The joint task force also recommended that that many schools eliminate unhealthy vending machines, especially among elementary aged children. Currently, all vending machines in elementary schools are only allowed to contain either water or 100 per cent fruit juice. The process of phasing-out or phasing-down vending machines is also taking places at Alabama’s middle schools and high schools, where vending machines are required to contain 50 percent diet sodas. Many schools across the state have implemented a “fruit break,” where children are encouraged to enjoy a healthy snack of fruit and water, instead of the traditional candy bar and soda.
However, all the changes in our schools don’t mean much if there isn’t a change at home as well. We are fighting a losing battle if our children come home and stuff themselves full of foods high in fat and sugar, no matter how healthy they eat during the day. Plus, it’s always important to set a good example. Children are much more likely to engage in healthy eating habits if they see their parents doing so.

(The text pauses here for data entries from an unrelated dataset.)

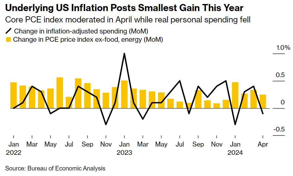 In April, the Federal Reserve's preferred measure of underlying U.S. inflation, the core personal consumption expenditures (PCE) price index, increased by just 0.2% from the previous month, marking the smallest monthly advance this year according to data from the Bureau of Economic Analysis (BEA). This measure, which excludes volatile food and energy prices, indicates a potential easing of inflationary pressures, providing some reassurance to Fed officials regarding the inflation trajectory after a period of disrupted progress in the first quarter. Concurrently consumer spending saw an unexpected decline of 0.1%, influenced by reduced spending on goods and a softer increase in services spending. Despite healthy demand for workers, wage growth has decelerated, with overall incomes rising by 0.3% and wages and salaries advancing by 0.2%, the smallest increase in five months. The decline in spending, combined with moderated wage growth, suggests a cooling in household demand despite steady job and income growth. The modest rise in services outlays of 0.1% was the smallest since August, with a 0.4% decrease in goods spending, primarily due to lower expenditures on gasoline and vehicles. Although healthcare spending supported services outlays, other areas like dining out, recreation, and transportation experienced declines. Financial markets responded to this data with lower Treasury yields, a rise in S&P 500 index futures, and a decline in the dollar index. Traders in swaps markets continue to anticipate at least one interest rate cut by the Fed this year, reflecting expectations of a more accommodative monetary policy in light of the recent data.
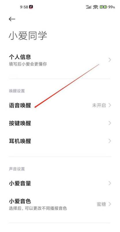 进入小爱同学设置,点击语音唤醒在小爱同学设置页面中,找到“语音唤醒”功能入口并点击进入。
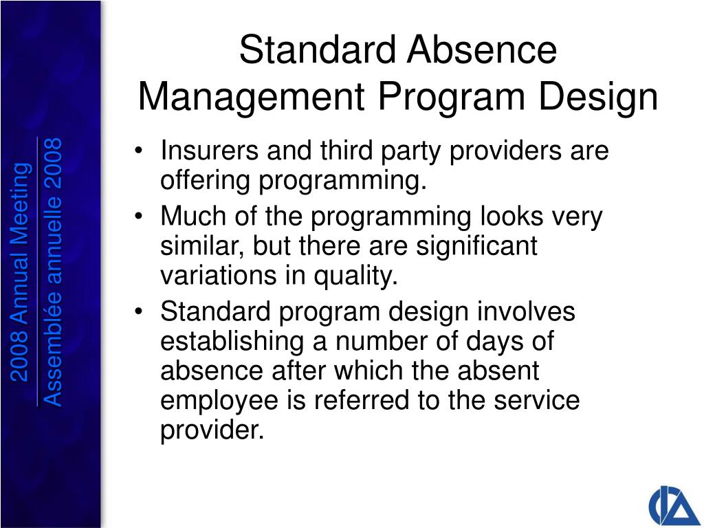Insurers and third party providers are offering programming. Much of the programming looks very similar, but there are significant variations in quality. Standard program design involves establishing a number of days of absence after which the absent employee is referred to the service provider. 2008 Annual Meeting Assemblée annuelle 2008 Standard Absence Management Program Design
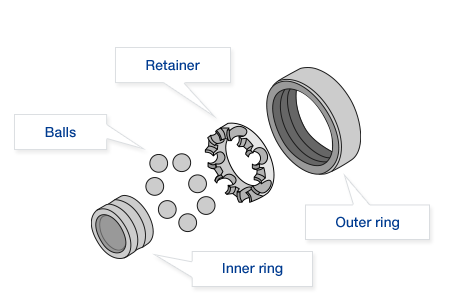 Ball bearings are machined parts made up of outer rings, inner rings, balls, retainers, and shields, and we produce and sell small size products with an outer diameter of 35 mm or less.
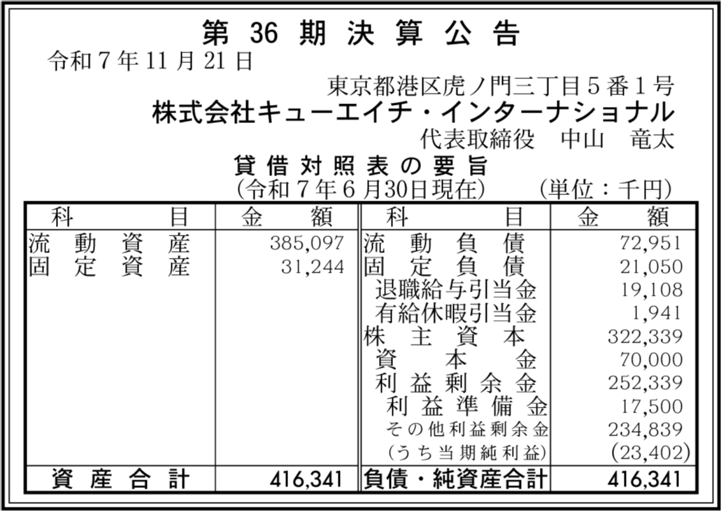 | 会社名 | 株式会社キューエイチ・インターナショナル |
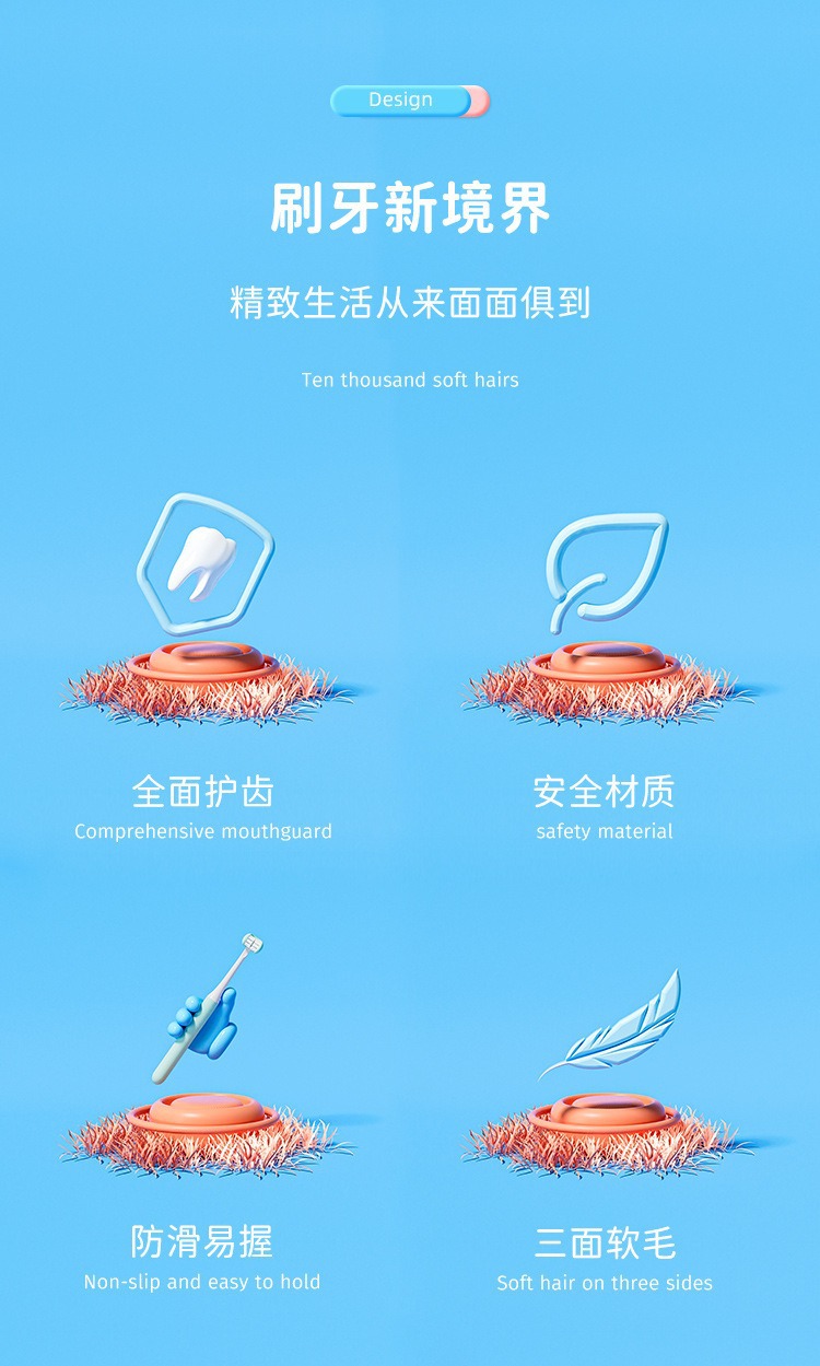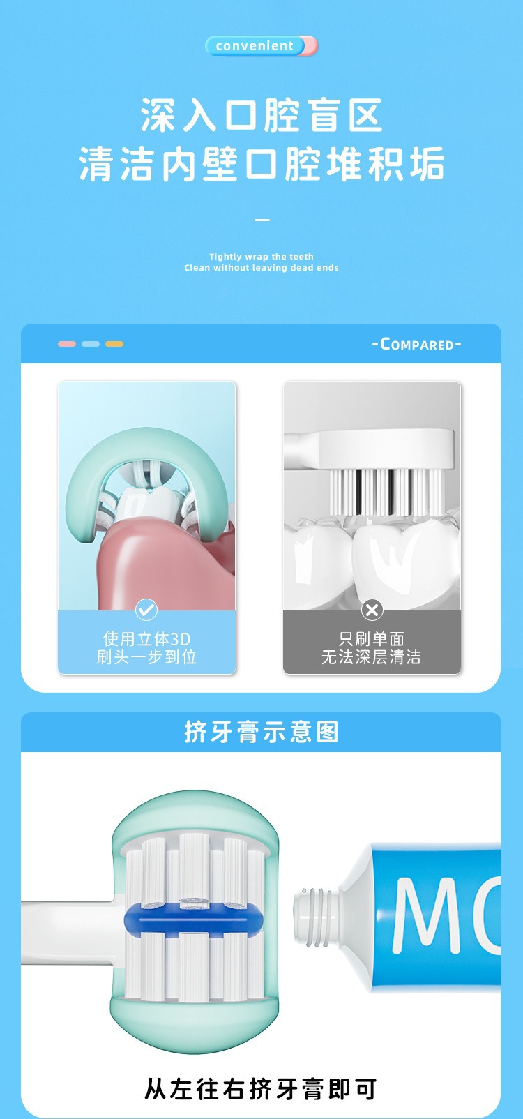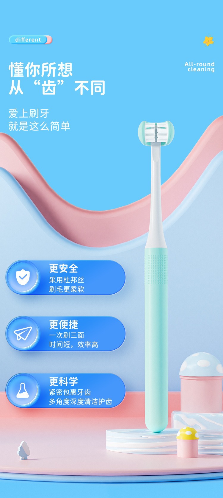 Детская зубная щетка Трехсторонняя детская мягкая волосатая детка 0-1-2-3 до 6 от одного до 12 лет детская зубная паста u-образный период замены зубов 3D

First, try your best to serve healthy foods. In the fast-paced world of today, it’s easy to grab fast food or cook a frozen meal, but often those fast food or frozen meals are high in calories and fat. Try serving non-fried meats and health side items. The Department of Public Health encourages Alabamians to “eat the rainbow,” and to include a variety of fruits and vegetables. Also, try to get outside and be active. Whether it’s playing a sport, participating in some type of outdoor activity, or simply taking a nice afternoon stroll, any exercise is better than none. Plus, it’s something nice that the entire family can participate in and can be fun for everyone.
The changes have already begun at school, and hopefully will be fully implemented in the coming months. But the changes must come at home, too. So as the stifling heat slowly abates, try your best to encourage exercise and healthy eating for your entire family.
Your spouse, your children, and most importantly your own body, will thank you if you do.